Courtney on Wednesday reiterated that the dogs at Krabloonik are not the sort that “stay indoors, lie at your feet, look pretty, and shed ... You don’t treat an Alaskan sled dog the way you treat a short haired Chihuahua.”

A public inspection by several veterinarians in the fall of 2008 concluded the Krabloonik sled dogs were in good health. The kennel had failed a PACFA inspection in May of that year and was found in violation of 10 state regulations.

A second change under consideration by PACFA for the tethering rule would bar operators from getting waivers if they are not in full compliance with PACFA regulations. That could lead to Krabloonik losing its waiver — because they have not remedied all of their 2008 violations.

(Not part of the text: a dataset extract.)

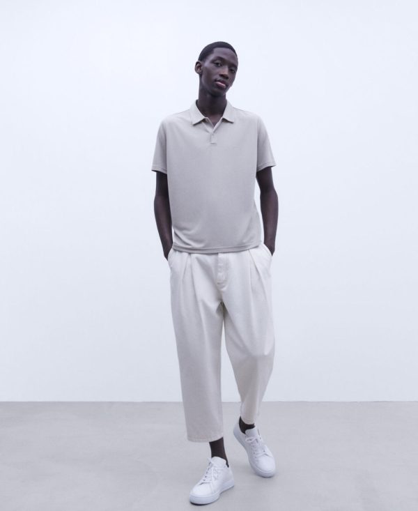 Adolfo Domínguez Camisetas Y Polos | Polo Cuello Mao En Algodón Y Lino Natural Hombre

Snowmass Village’s Krabloonik has long been a source of consternation for some locals and visitors upset by the dogs being chained up.

Voices of Krabloonik formed after the kennel’s 2008 inspection failure, with the aim of changing the operations there. They formed an advisory committee and gained cooperation from MacEachen, but their partnership fizzled in March of last year.

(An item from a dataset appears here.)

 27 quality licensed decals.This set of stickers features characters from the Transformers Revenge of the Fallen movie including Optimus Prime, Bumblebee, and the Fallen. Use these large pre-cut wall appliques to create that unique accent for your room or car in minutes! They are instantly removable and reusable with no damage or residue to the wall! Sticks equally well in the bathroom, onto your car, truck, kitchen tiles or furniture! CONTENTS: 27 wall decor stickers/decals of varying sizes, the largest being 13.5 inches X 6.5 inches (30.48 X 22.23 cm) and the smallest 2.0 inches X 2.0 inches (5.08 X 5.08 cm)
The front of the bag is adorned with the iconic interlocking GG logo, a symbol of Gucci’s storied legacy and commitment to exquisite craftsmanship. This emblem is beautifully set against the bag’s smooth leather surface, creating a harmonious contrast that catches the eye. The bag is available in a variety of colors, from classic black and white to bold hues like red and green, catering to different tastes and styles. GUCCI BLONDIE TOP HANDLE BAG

Aspen Animal Shelter director Seth Sachson, a former musher who has called for more humane treatment of Krabloonik’s dogs, unsuccessfully attempted to buy the kennel from MacEachen, who has run it for more than three decades.

Sachson runs a rehabilitation program for former Krabloonik dogs where the shelter staff re-trains the working dogs as house pets. The program was founded after public outcry over MacEachen shooting and killing old and weak dogs at Krabloonik. MacEachen ceased shooting dogs in 2005, though the practice remains legal under PACFA regulations for working animals.

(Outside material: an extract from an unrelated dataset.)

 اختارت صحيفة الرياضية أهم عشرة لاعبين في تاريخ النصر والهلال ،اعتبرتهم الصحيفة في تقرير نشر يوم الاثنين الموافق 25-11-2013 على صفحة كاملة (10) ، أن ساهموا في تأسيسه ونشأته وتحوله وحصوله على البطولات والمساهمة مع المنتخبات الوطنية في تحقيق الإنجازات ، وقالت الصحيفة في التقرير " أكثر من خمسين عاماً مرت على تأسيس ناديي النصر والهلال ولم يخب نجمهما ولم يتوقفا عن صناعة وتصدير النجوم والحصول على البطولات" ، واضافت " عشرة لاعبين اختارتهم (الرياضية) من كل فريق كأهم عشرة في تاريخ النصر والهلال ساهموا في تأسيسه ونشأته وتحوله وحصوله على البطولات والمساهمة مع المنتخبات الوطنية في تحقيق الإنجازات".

In addition to the tethering waiver rule change, Rep. Kathleen Curry sponsored a bill that would tighten the state’s animal cruelty laws under PACFA. The bill failed earlier this year in committee hearings.The Humane Society had pressed hard for more stringent animal cruelty laws and in a December news release, it specifically singled out Krabloonik as evidence of “a larger regulatory problem in Colorado” regarding working animals.

They also called for background checks on sled dog operators applying for waivers, in part because Krabloonik’s MacEachen pleaded no contest to an animal cruelty charge in 1988 but was nonetheless licensed after PACFA was formed in 1994.

Two police inquiries targeted allegations of abuse at Krabloonik last year, including claims from a former employee that MacEachen himself beat a dog in November, but authorities declined to file criminal charges.

If the Krabloonik reformers don’t get what they want out of the PACFA rule review, they’ve said they may push for a Snowmass Village ballot question asking voters to create local laws restricting tethering.